A gateway that can't show you what happened is a black box. v1.8 ships the four-pillar observability surface — request logs, external callbacks, alerts, and a data policy that puts you in control of retention.

Request logs

/{org}/observability is a paginated log viewer over LiteLLM_SpendLogs. Filter by model, status, virtual key, time range. Expand any row to see the request body, response body, token counts, cost, latency, and which guardrails ran. 90-day retention on Tier 1–3; configurable longer on Enterprise.

Free-text search hits prompt content (subject to your data policy — see below).

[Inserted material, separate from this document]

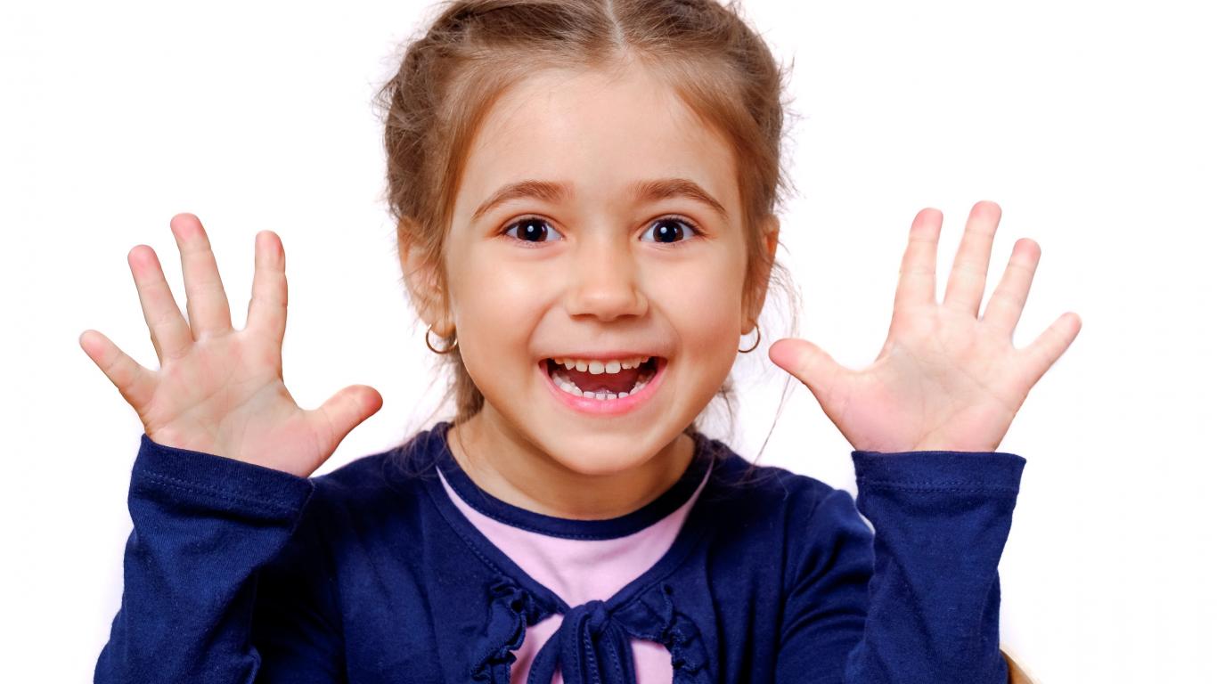 Wallpaper Cheerful little girl with raised hands

Callbacks — ship logs to your stack

/{org}/observability/callbacks configures where we forward request logs in addition to retaining them ourselves. Five sinks supported on day one:

Langfuse — full trace, prompt template metadata, A/B variant included
Datadog — structured logs with cost / latency / token metrics
Amazon S3 — raw JSONL for your data lake, partitioned by date
Slack — high-signal events only (errors, budget breaches), never per-request spam
Generic HTTP webhook — your endpoint, your schema, we POST one batch every 10 seconds

Stored in nemo.logging_callbacks. RLS-scoped, secrets encrypted at rest.

Alerts — eight types, one toggle

/{org}/observability/alerts lets you switch on alerting for: LLM errors, budget threshold, budget exceeded, daily-spend anomaly, slow response, outage, key compromise heuristic, and guardrail block burst. Each alert routes through your configured notification channels (email / Slack / Teams / webhook — see notification settings).

Stored in nemo.alerting_settings. Defaults are conservative — we'd rather miss a soft signal than wake you up at 3 a.m. for nothing.

Data policy — your call, not ours

/{org}/observability/data-policy picks one of four modes:

Zero logging — store no prompt or completion content. Metadata only (model, tokens, cost, status).
Metadata only — same as zero, kept for naming consistency.
Full logging — store prompt + completion verbatim. Default for new orgs.
PII-redacted — store prompt + completion with Presidio redaction applied. Useful for healthcare / fintech orgs that can't justify "full" but want enough content to debug.

The policy applies before the log is persisted, not at read time — so even a compromised viewer role can't pull data the policy excluded.